To turn a complex document — like a Game of Thrones script or a Federal Reserve report — into a reasoning-ready index, the Java PageIndexAgent follows a strict two-phase pipeline. This article walks through the exact lifecycle of that data, from raw text input to a cited, section-accurate answer.
https://github.com/vishalmysore/page-index-java
The Big Picture
Phase 1 (Indexing): Full Document → LLM → TOC Tree (JSON)
Phase 2A (Navigate): TOC + Query → LLM → Selected Node IDs
Phase 2B (Extract): Node IDs → Java → Raw Section Text
Phase 2C (Answer): Section Text → LLM → Final Answer + Citation
The full document is sent to the LLM exactly once. Every subsequent LLM call works only on small, targeted excerpts.

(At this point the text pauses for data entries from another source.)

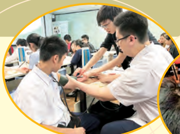
大專院校課程體驗

本年在中一及中三級推行校本生涯規劃課程，從初中開始掌握生涯規劃的概念，認識個人特質及能力，掌握社會發展趨勢及升學要求，為生涯管理及早準備。高中學生透過多元活動體驗由學校過渡至職場的世界，尋找個人夢想及探索發展方向。
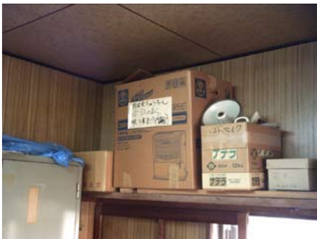
写真26 会議室上部棚
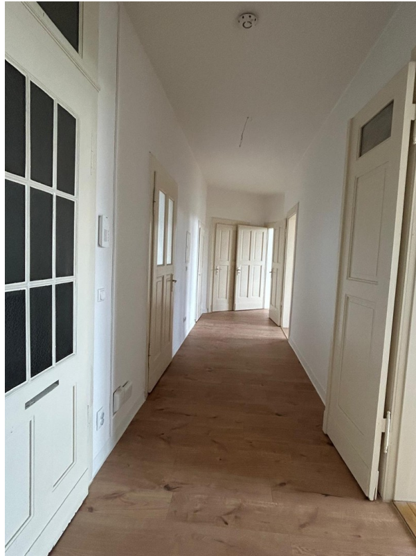
Blick von der Eingangstür
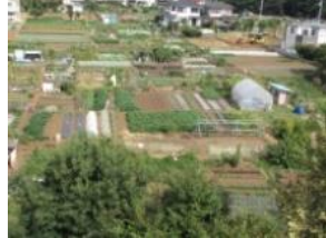
楽農クラブ⑧(ハイツ隣接地)
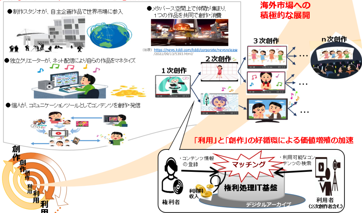
図 17 コンテンツ・クリエーション・エコシステムの活性化 (イメージ)
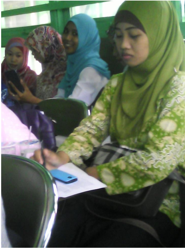
Seorang mahasiswi terlihat sedang berfoto selfie pada saat presentasi seminar proposal skripsi

Step 1 — The Raw Input (Java String)
The document is loaded into a standard Java String. At this stage, it is just a flat sequence of text — no structure, no hierarchy, no meaning.
String document;
try (InputStream is = getClass().getClassLoader()
.getResourceAsStream("got_script.txt")) {
document = new String(is.readAllBytes());
}
// document = "EPISODE 1: WINTER IS COMING\nScene 1: The Wall.\nWill, Gared, and Waymar Royce..."

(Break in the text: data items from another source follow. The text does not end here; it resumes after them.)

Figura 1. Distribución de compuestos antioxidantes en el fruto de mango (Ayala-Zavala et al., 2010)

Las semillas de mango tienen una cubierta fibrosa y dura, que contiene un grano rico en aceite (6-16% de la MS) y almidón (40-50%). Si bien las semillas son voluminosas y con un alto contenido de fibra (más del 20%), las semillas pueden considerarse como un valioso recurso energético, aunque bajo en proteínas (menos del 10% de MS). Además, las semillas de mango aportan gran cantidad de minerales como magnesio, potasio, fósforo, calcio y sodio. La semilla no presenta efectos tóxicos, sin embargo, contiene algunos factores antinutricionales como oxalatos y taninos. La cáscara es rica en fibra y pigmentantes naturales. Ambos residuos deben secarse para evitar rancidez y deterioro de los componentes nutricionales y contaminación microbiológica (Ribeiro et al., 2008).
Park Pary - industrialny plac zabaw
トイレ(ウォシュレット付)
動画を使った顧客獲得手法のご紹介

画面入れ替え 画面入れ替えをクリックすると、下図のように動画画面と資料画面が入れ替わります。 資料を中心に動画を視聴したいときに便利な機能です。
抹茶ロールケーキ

Step 2 — Phase 1: Building the TOC Tree
The buildIndex(String documentText) method is the entry point for Phase 1. It sends the entire document to the LLM along with a strict structured prompt that instructs the model to act as a Document Architect — not a summarizer.

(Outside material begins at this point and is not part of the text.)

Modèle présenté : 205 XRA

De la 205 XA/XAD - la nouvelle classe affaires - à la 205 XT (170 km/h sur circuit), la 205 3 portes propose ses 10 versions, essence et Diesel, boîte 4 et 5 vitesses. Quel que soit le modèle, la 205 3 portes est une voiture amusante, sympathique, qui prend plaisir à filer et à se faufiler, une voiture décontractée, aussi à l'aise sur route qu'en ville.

public List<TOCNode> buildIndex(String documentText) {
int maxRetries = 3;
for (int attempt = 1; attempt <= maxRetries; attempt++) {
try {
String response = chatModel.generate(buildIndexPrompt(documentText));
String json = cleanJsonResponse(response);
List<TOCNode> result = mapper.readValue(json, new TypeReference<List<TOCNode>>() {});
System.out.println("[Phase 1] OK — " + result.size() + " top-level nodes parsed.");
return result;
} catch (Exception e) {
System.err.println("[Phase 1 / attempt " + attempt + "] JSON parse error: " + e.getMessage());
if (attempt == maxRetries) {
return buildFallbackIndex(documentText); // Plan B — regex heading scanner
}
}
}
return new ArrayList<>();
}
The Indexing Prompt
The LLM is not simply asked to "summarize." The prompt enforces a rigid JSON contract, telling the model to identify narrative boundaries, assign unique IDs, and write a one-sentence summary per section. The summary becomes the retrieval signal in Phase 2.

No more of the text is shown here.